Turning out beautifully Bill!!!

Very interested to see how you do the piston for this one!

Andrew
 
Yeah....me too Andrew. I think most of that I will do on the Sherline equipment...same for the power piston center too, but want to get the cylinder sleeve finished first in order to fit the piston to it.

Bill
 
Andrew...you had said you have the same casting kit earlier on page one. If you have a chance can I ask a favor? Could you measure the smallest diameter piece of pipe that was supplied (the one for the displacer piston). The prints call for 1.75" OD with .060" wall. What I got was 1.875" OD instead. It still fits well within the hot cap pipe just with less clearance. I am thinking this was a material change that just never made it to the prints but would appreciate any confirmation of that if possible. As i had said my prints are still dated 1977 and show no revisions at all.

Bill
 
Bill
If I were you I would be more than happy to go with the 1.875 o/d tube as the 1.750 o/d called up seems to be much too much clearance for a hot air engine in a 2.000 bore. When I built my 1.500 bore scratch built one from the book " S&S you can build", not having any tube supplied I bored out a piece of 1.50 o/d stainless steel tube to 1.450 bore and made up a copper displacer with .030 clearance only all round. and it works just fine.
Hugh.
 
Hi Bill,

I will check tonight and let you know.
Not home from work yet...

I will also see what year my plans are dated.
From what i remember they were pretty old as well.

Will let you know soon!

Andrew
 
Hugh,
Thanks for that information too!! As is typical in all of the sterlings I have done, there is minimal clearance as you say so I am thinking this isn't an issue and may even be beneficial as you point out. Since this is still an active model from Mr. Myers who supplies the castings, it would seem that an update in the plans is in order and muchly needed. Mine still show a sheet metal firebox as well as I think i mentioned earlier. Again....thanks so much for the input!!

Bill
 
Hi Bill.

I have the plans dated 5-1-77.
The smallest diameter pipe i have with my kit is 1.74 O.D, it varies along it's length with 1.75 being
it's greatest in the middle somewhere.
The wall thickness is 0.066.

My plans call for 1.75 OD and 0.06 wall thickness.

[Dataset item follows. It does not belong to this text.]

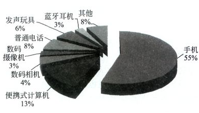 圖9 2010年全球微型駐極體傳聲器應用領域市場分布(按需求量)

I am pretty sure we have the same kits and the same plans! ;D

Hope this helps!

Andrew
 
Nothing very exciting today but I did get the stainless steel cylinder sleeve machined to length and the 3 step diameters turnedwhere they will mate with the cylinder casting. Now i have to finish boring out the casting so it will slip in. The last picture shows the stock bore which measures round and already has a nice smooth bore. Just a little honing and it should be good to go.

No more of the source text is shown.